Chocolate Road is above all about people. The people who farm the cacao, the people who bring science and technology to improve production, the people who collect and distribute it, the people who create chocolate from it, the people who sell it, and the people who taste it. It is all about the human connection within the chocolate production chain. Chocolate has the power of bringing people from different cultures and backgrounds together. With Chocolate Road I want to show that there is more to chocolate than just great flavor, and that it’s possible to make the world a better place one cacao pod at the time."

- Tanya Chuturkova



Co-Production with Communication Energy New York & Omnimosouq

The original concept of the film came from Producer Takayuki Yasuda, native from Fukuoka, Japan. Working remotely with our team, we polished the concept and put the production in motion.

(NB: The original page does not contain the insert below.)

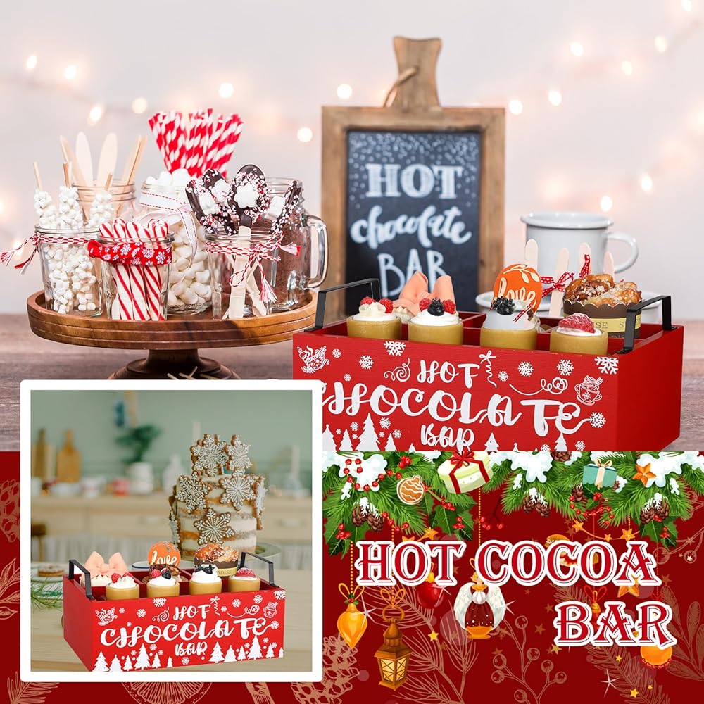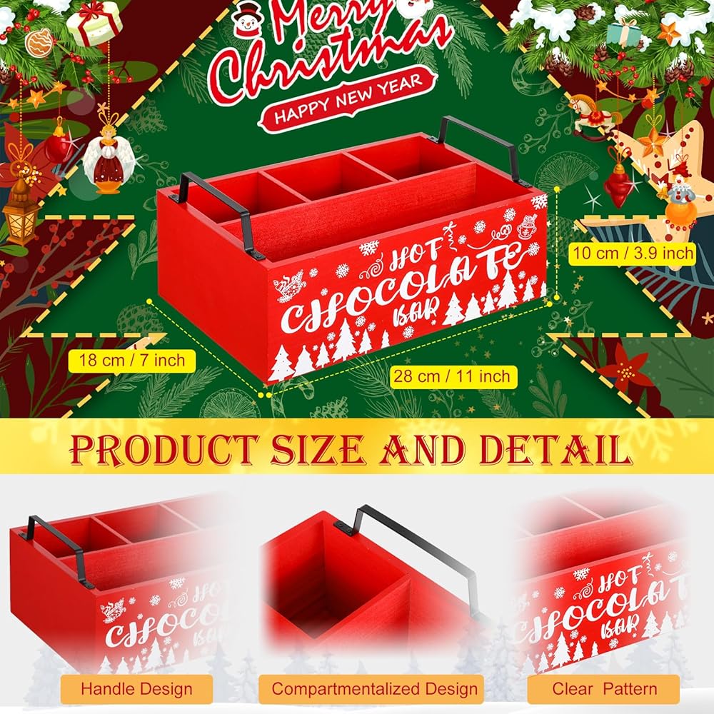 Our hot cocoa bar holder for countertop is not only usable, but also beautiful in Christmas colors. You can give it to your partners, colleagues, family members, neighbors, classmates and your loved ones, and feel the Christmas atmosphere with them.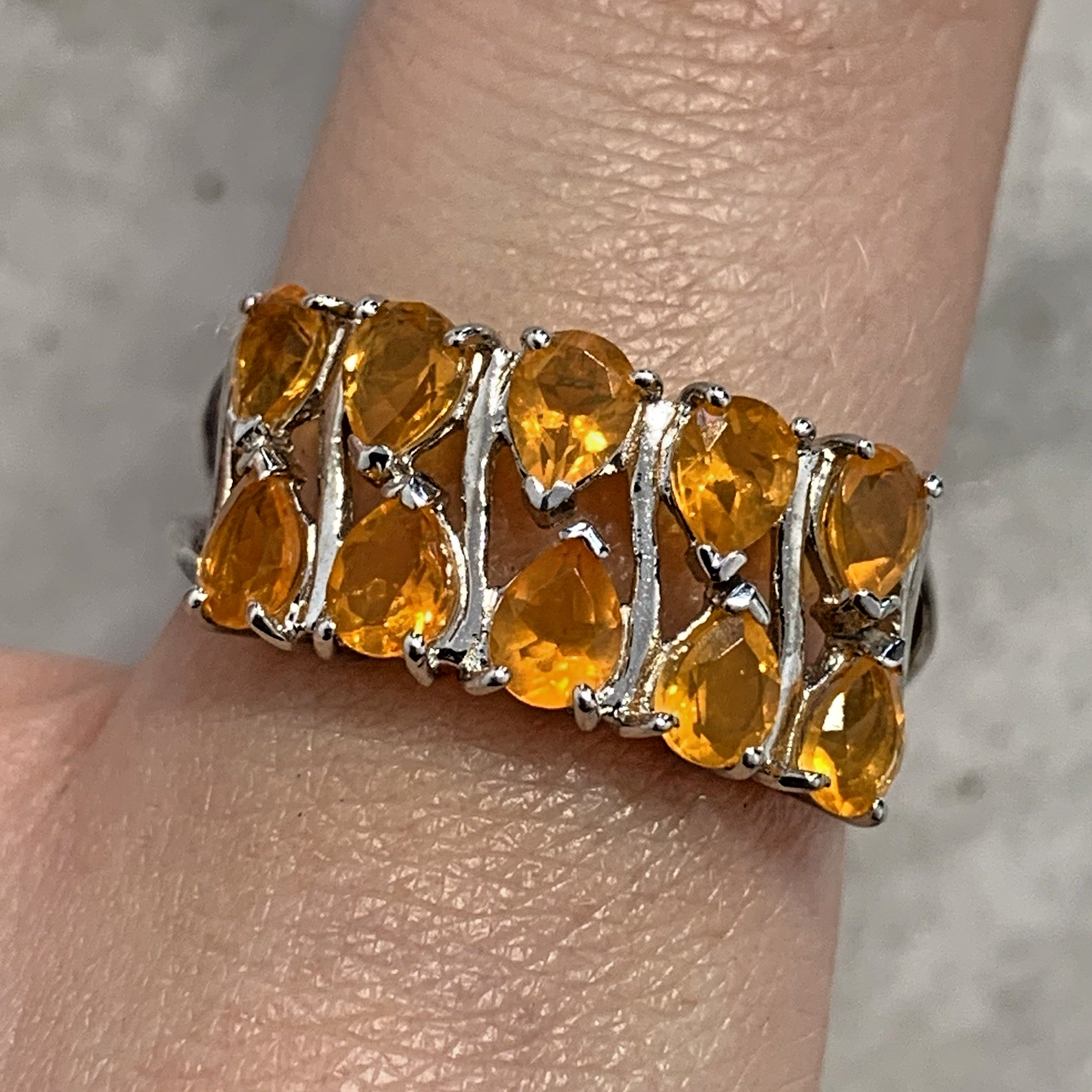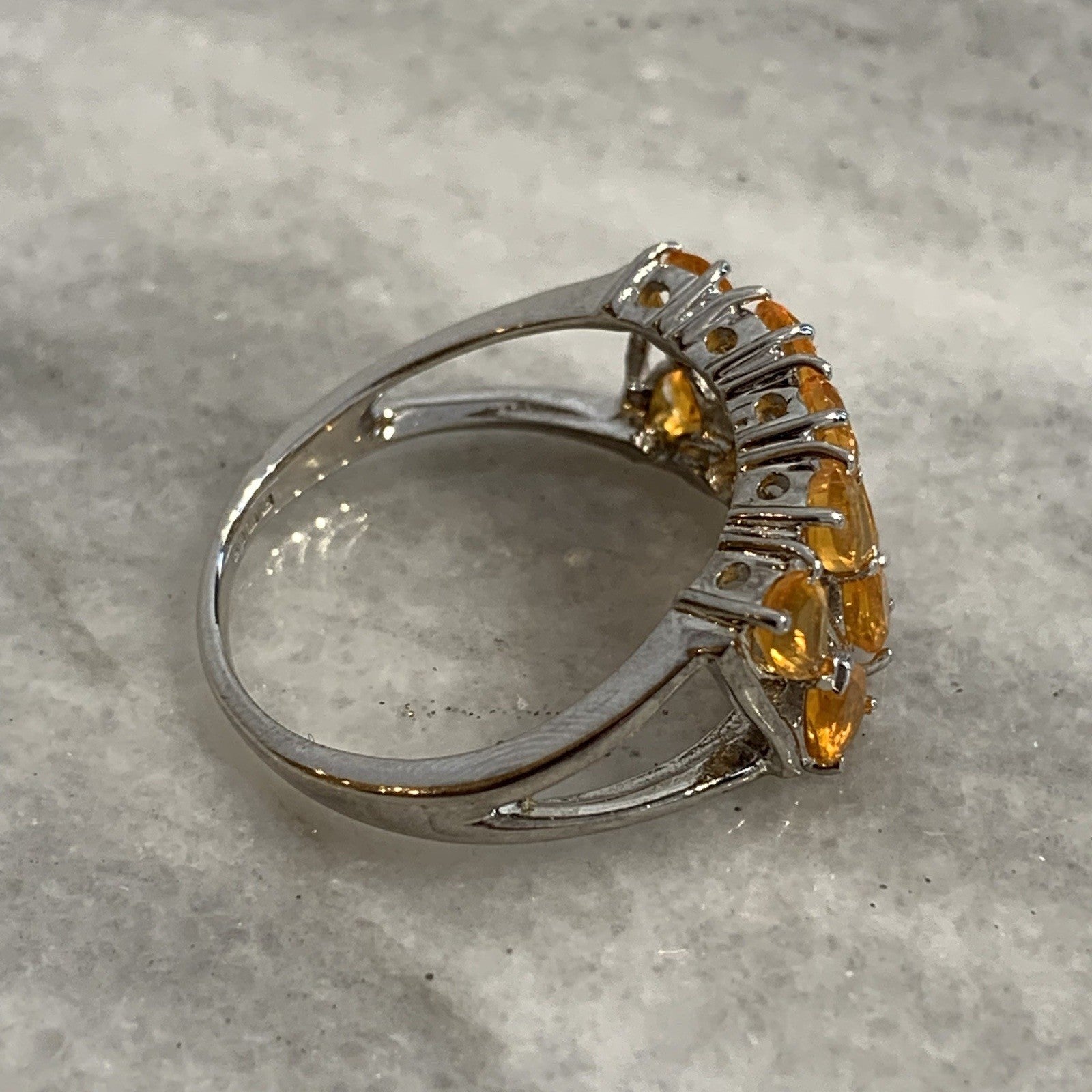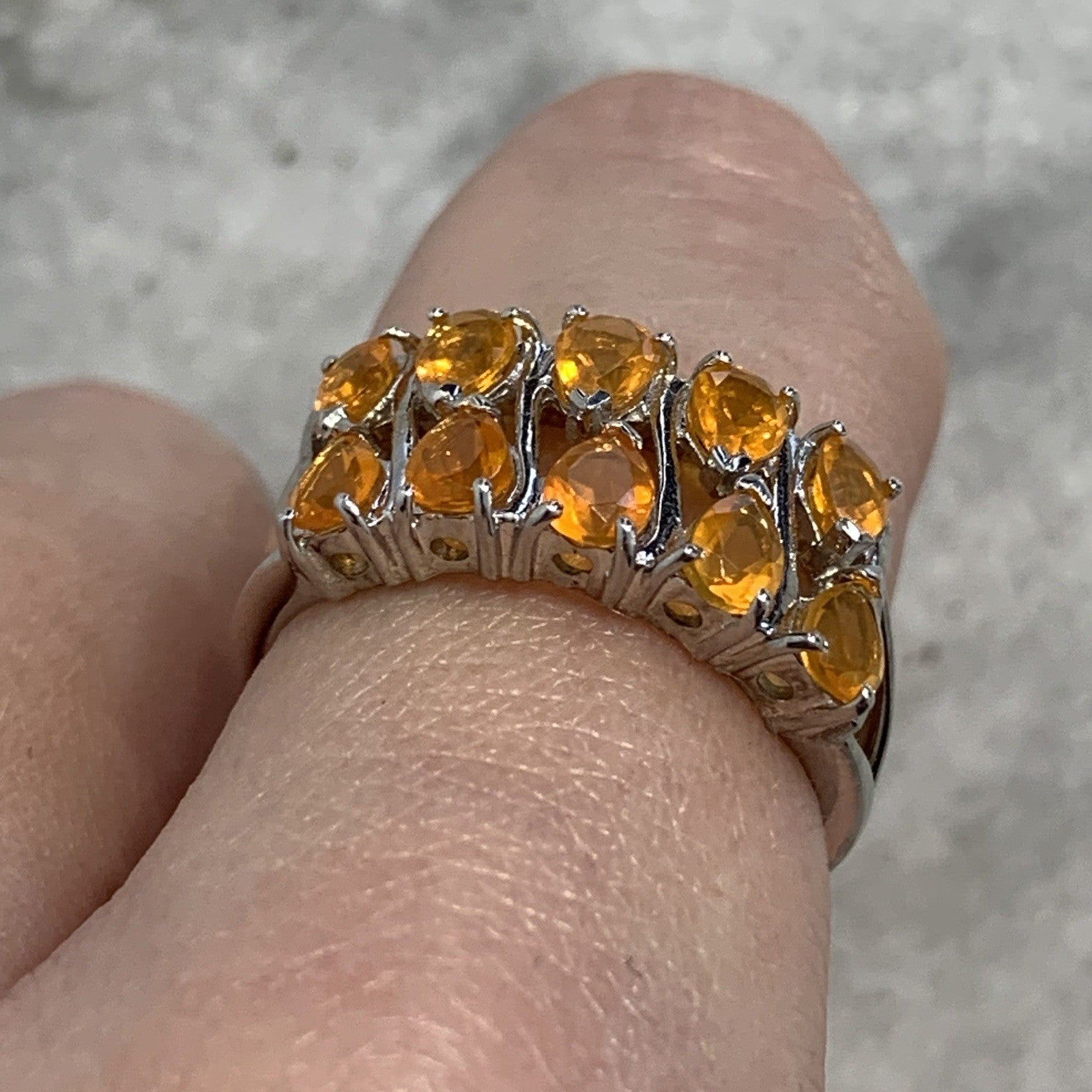 - A stunning white gold ring showcasing an ornate cluster of pear cut fire opal gemstones at .87ct.

Takayuki Yasuda runs a creative agency with offices in New York City - Communication Energy New York, and Japan - Omnimosouq. Takayuki has been supporting and helping build innovative companies with technology and creativity through numerous branding projects. His past work has been focused on the food industry with interest in promoting sustainability. Through his work, that requires pursuing the inner nature of things, he was inspired to create the documentary film “Chocolate Road”. With this feature he wants to “make people’s hearts grow.” Takayuki believes that joy is an essential element of life, and he gradually became devoted to brightening the world and to bringing people love and joy. His great hope is that his debut film “Chocolate Road” would help people make a decision that will bring them or others happiness and make the world full of smiles after watching.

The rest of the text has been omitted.